I think you are mixing real and nominal amounts in this case. The $8k/yr future payment is in real terms. $8k over 5 years is $40k in real dollars. To get from $10k to $40k in ~45 years is equal to a ~3.2% ROI in real terms.
 
Here's a hint.....

If it is offerred by an insurance company, it is not a good investment.
 
Here's a hint.....

If it is offerred by an insurance company, it is not a good investment.

Great point! And the annuity is not an investment. If you look at it that way, you will come to the wrong conclusion. The question is what problem do you need to solve! In this case it is intended to be a vehicle to avoid longevity risk.
 
If anyone read the Ibbotson/Milevsky paper posted here, there's a good section on "mortality credits" (page 68, table 6.2 for those who didn't read ;) ).

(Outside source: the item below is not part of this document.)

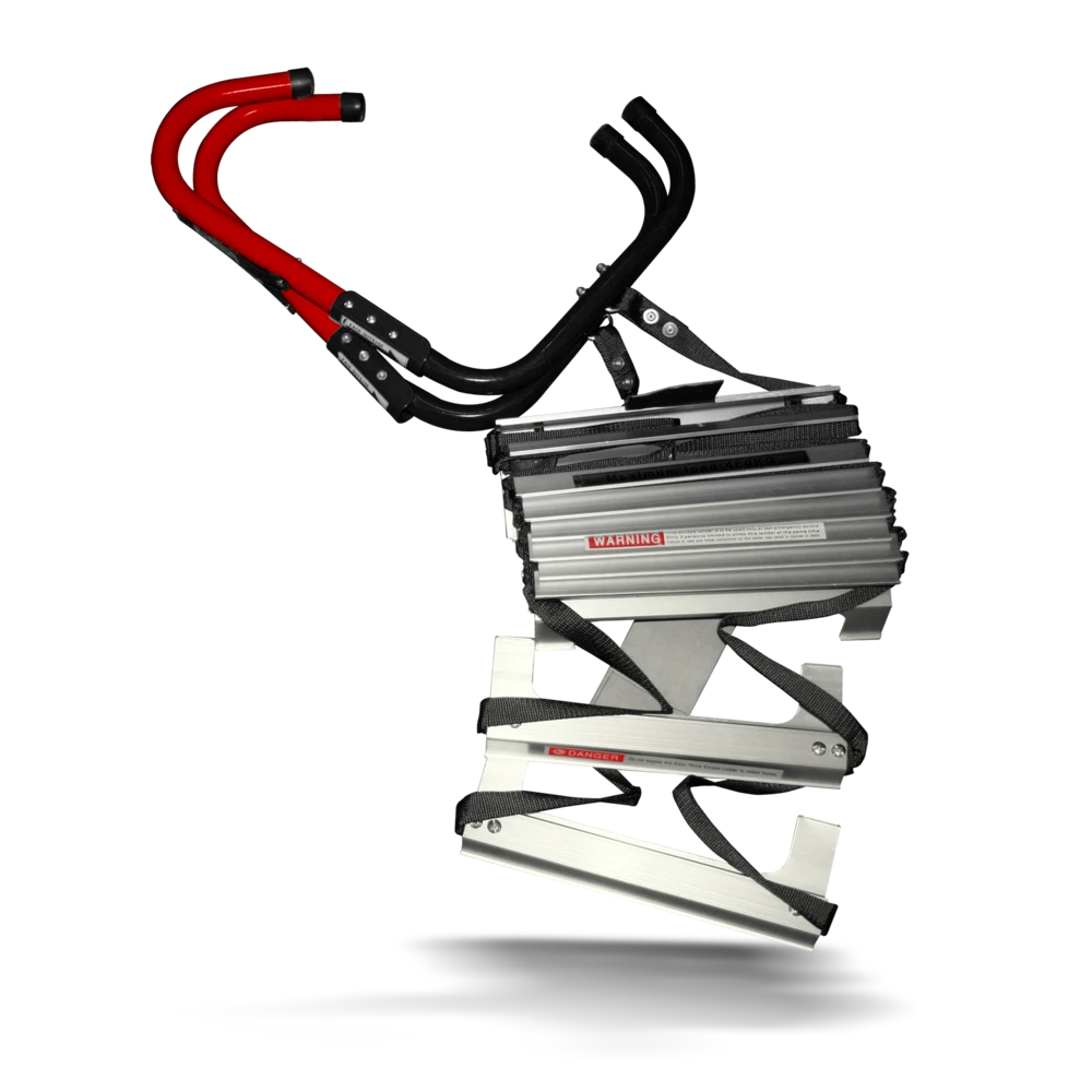 Stegene i aluminium er sklisikre, og gjør evakueringen sikrere. Anbefalt belastning er maks. 200 kg (testet og godkjent for opptil 450 kg).
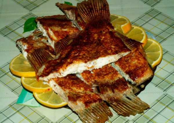 - Жареная камбала. Используемые продукты: мясо рыбы — 1−2 кг, молоко — 200 грамм, соль, лимон. Рыбное филе нарезать на куски, залить молоком и оставить на 20 минут. Затем вынуть их, обсушить, обработать панировочными сухарями и поместить на разогретую сковороду с оливковым маслом. Обжарить с обеих сторон до появления золотистого цвета. Во время жарки следует посолить блюдо. Готовую рыбу обрызгать лимонным соком и украсить измельчённой зеленью.

Basically, the underlying benefit of an annuity arises when other folks in the annuity pool die and you don't. You (in theory) are collecting more money because the dead people are giving you what they would have gotten. Table 6.2 shows the increase above regular interest rates you should expect at a given age for starting an immediate annuity. For example, at age 65, you get an 83 basis point boost to your interest rate (presumably the risk free rate of return). If you wait to annuitize till age 85, you get a 725 bp boost to returns. When you consider expenses on most annuities might run 100-300 bp's (just a wild guess), it probably doesn't make sense to annuitize at 65 for a meager 83 bp boost in returns (which will more than get eaten by expenses) but it probably does make sense to annuitize if you get 725 bp boost to returns (which might still net you 400-600 bp after expenses).

Ibbotson, et al state in their paper that annuitizing at age 60 is too early, and age 90 is too late. They recommend dollar cost averaging into annuities starting around 65-70 and continuing until 80-85.

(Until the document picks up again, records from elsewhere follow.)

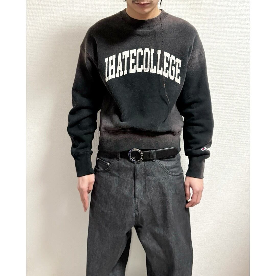 50年代のスウェットシャツを彷彿とさせる極端な短丈に、長いリブにアンバランスなカレッジロゴと袖先ロゴ
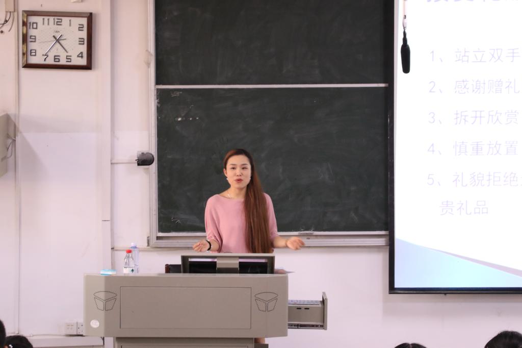 熊琳则从基本礼仪、校园礼仪、求职礼仪三个方面进行了分享。“来,我们握个手吧。”熊琳首先进行现场互动,然后从握手礼、拥抱礼、合十礼举手礼、鞠躬礼、拱手礼、吻手礼、点头礼等方面进行讲解。她重点讲解了求职礼仪,从简历投递到面试仪容仪表等方面进行分析,并介绍了电梯礼仪、座次礼仪等职场交往礼仪。她认为:“礼仪实则是一个内化于心,外化于形的过程。做到真正的有礼就需要学会对他人的尊重,真诚待人。”
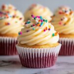 - Frost the Cupcakes: Once the cupcakes have cooled completely to room temperature, generously spread or pipe the vanilla buttercream frosting atop each cupcake.
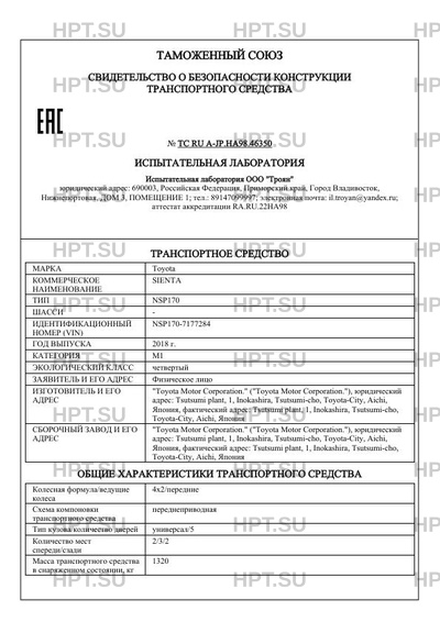 | Предприятие-изготовитель | "Toyota Motor Corporation." ("Toyota Motor Corporation."), юридический адрес: Tsutsumi plant, 1, Inokashira, Tsutsumi-cho, Toyota-City, Aichi, Япония, фактический адрес: Tsutsumi plant, 1, Inokashira, Tsutsumi-cho, Toyota-City, Aichi, Япония |
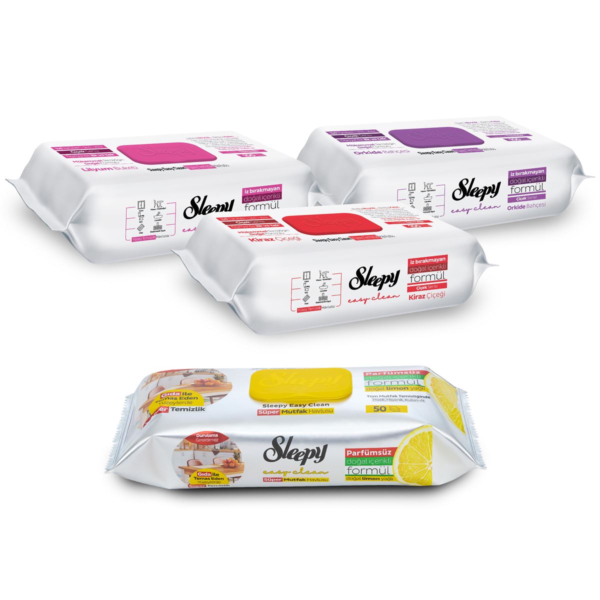 Sleepy Easy Clean Çiçek Serisi&Limon Yağlı Süper Mutfak Yüzey Temizlik Havlusu&Mendili(3x100+50) 350 Yaprak

I think the often heard complaint against annuities comes from the folks on here who define retirement as around age 50 or so (typical early retirement). Ibbotson, et al would say don't get an annuity at that age or any where close to that age. Instead they recommend waiting 15-20 years.

In their paper, they also explain that if you have even a modest "bequest motive" (desire to leave assets to others or to charity - ie - not die broke), and a modest to aggressive risk tolerance, your optimum allocation to annuity products would be 14-24%. And that is for a 60 y.o. male. My guess is that an even smaller allocation to annuities would be expected at younger ages, which many folks here are able to retire at.

The notion of longevity insurance is an interesting notion. At this point it is hard to get excited about the potential for a 3-3.5% real return for a locked in 45 year investment with no liquidity and company specific risk of the insurer (not to mention the fact that there's a ~50% chance we won't make it to age 85!!!). It still seems like it would be cheaper to "roll your own" and/or annuitize at age 85 if you really wanted longevity insurance.
 
The random variable in longevity

is that you can die sooner. I think there is little that can extend it. My mother's family all died within 3 years age of one another. Only her mother died earlier in a fire. Risky behaviors and failure to take care of yourself can certainly take their toll. It could be difficult to have enough information at 40 though without enough relatives.